Directions>
Repeat the lines of the data exactly and exclude any picture among them.

Segment Start: The data

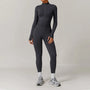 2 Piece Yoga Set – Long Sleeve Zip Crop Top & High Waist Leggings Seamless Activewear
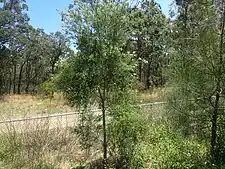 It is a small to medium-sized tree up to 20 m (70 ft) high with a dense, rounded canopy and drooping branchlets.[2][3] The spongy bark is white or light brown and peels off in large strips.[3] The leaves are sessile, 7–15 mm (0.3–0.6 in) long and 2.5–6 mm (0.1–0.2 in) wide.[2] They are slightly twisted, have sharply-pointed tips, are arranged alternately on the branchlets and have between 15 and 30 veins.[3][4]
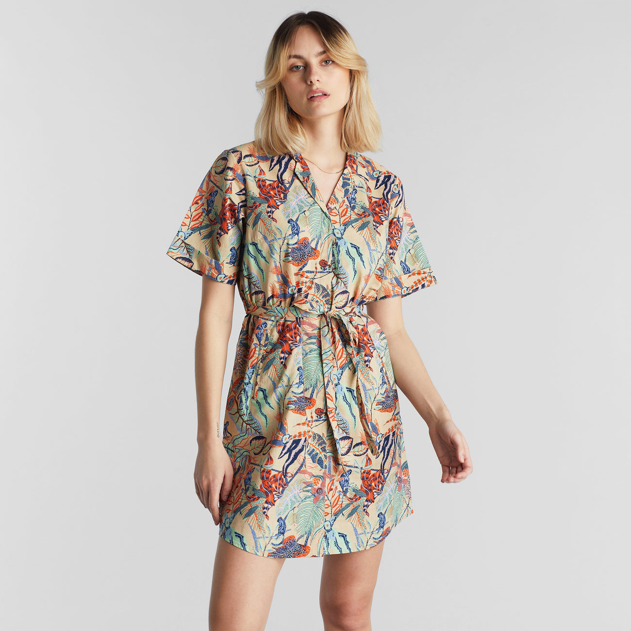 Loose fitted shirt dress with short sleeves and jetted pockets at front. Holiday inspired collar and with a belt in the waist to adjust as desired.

Segment End: The data

Completed task>
 2 Piece Yoga Set – Long Sleeve Zip Crop Top & High Waist Leggings Seamless Activewear
 It is a small to medium-sized tree up to 20 m (70 ft) high with a dense, rounded canopy and drooping branchlets.[2][3] The spongy bark is white or light brown and peels off in large strips.[3] The leaves are sessile, 7–15 mm (0.3–0.6 in) long and 2.5–6 mm (0.1–0.2 in) wide.[2] They are slightly twisted, have sharply-pointed tips, are arranged alternately on the branchlets and have between 15 and 30 veins.[3][4]
 Loose fitted shirt dress with short sleeves and jetted pockets at front. Holiday inspired collar and with a belt in the waist to adjust as desired.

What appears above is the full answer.